Physicists from McGill University in Montreal have calculated that it will take a person only 38 minutes and 11 seconds to reach the other side of the planet if he falls through a hole in Earth. The speed that the person will be flying with will reach more than 5 miles per second. However, these scientists also suggest that humanity not expect a real tunnel to appear in the near future.
The first train Puffing Devil was invented in 1801 by English engineer Richard Trevithick, while the first prototype of a bicycle, the two-wheeled device Laufmaschine, was created in 1817 by German professor — Baron Karl von Drais.
Scientists found out that rats are the only other mammals that can laugh while being tickled, just like humans. However, rats only laugh if they’re in a good mood. If they are feeling depressed or frightened, the reaction to tickling is noticeably weaker.
In fact, the fur of the polar bear doesn’t have pigment — it’s semi-transparent. And their skin is black which helps them to keep warm because black absorbs sunlight better and speeds up the drying process of the fur after swimming.

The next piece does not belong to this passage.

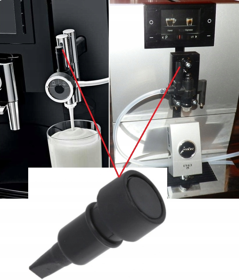 Przedmiotem sprzedaży jest fabrycznie nowy wężyk ssący, (rurka, przewód) + złączka (czarny nypel) do przystawki spieniającej mleka zwanej potocznie Cappuccinatore różnych typów pokazanych na zdjęciu nr 1.

An Australian physicist, Ruben Meerman, held a set of experiments and found out that people exhale fat. He has proved that about 22 lb of fat turns into 18.5 lb of carbon dioxide that leaves the body in the form of exhaled air and we lose about 3.5 lb in water (through urine, sweat, and tears).

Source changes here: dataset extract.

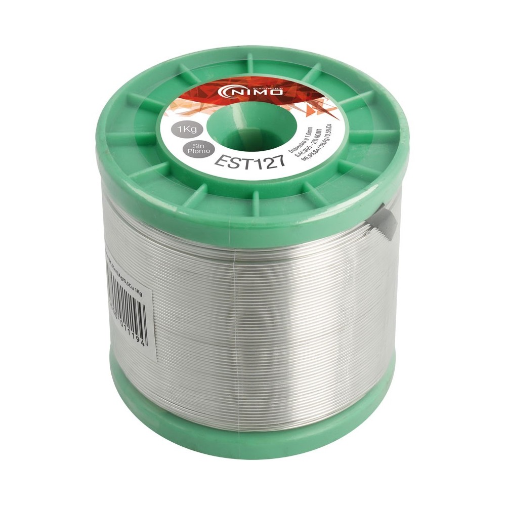 Hilo de estaño Tri-Metal sin plomo 1.0mm 96.5% Sn, 3.0 Ag, 0.5% Cu, Flux 2% FS - EST127

The syndrome of Alice in Wonderland is also called the Lilliput sight. It’s a rare neurological disorder that is characterized by a distorted perception of the world: a person can see large objects as small ones, while tiny objects can be seen as gigantic by them. The disease was spotted and classified as a separate one in 1955.
Doctor Franz Messerli conducted research and found out that the consumption of chocolate can improve the mental abilities of a person. And though he confessed that the experiment was held for fun, he still managed to outline a direct connection between the amount of chocolate consumed in different countries with the amount of those countries’ Nobel laureates.
We all remember from school that fungi are a separate kingdom in the world of plants. But molecular genetic studies have shown that though fungi are classified separately from animals, their cell structure is closer to the kingdom of animals than it is to plants.
Though wooly mammoths are thought to have completely died by the end of the Pleistocene epoch, there were still some of them that managed to survive on the far and isolated island of Wrangel. They lived there until about 4000 years ago which is several centuries after the Pyramid of Giza had been built. Scientists believe that this small island drifted apart from the mainland carrying a small group of these giants on it, having saved their population for quite a long period of time.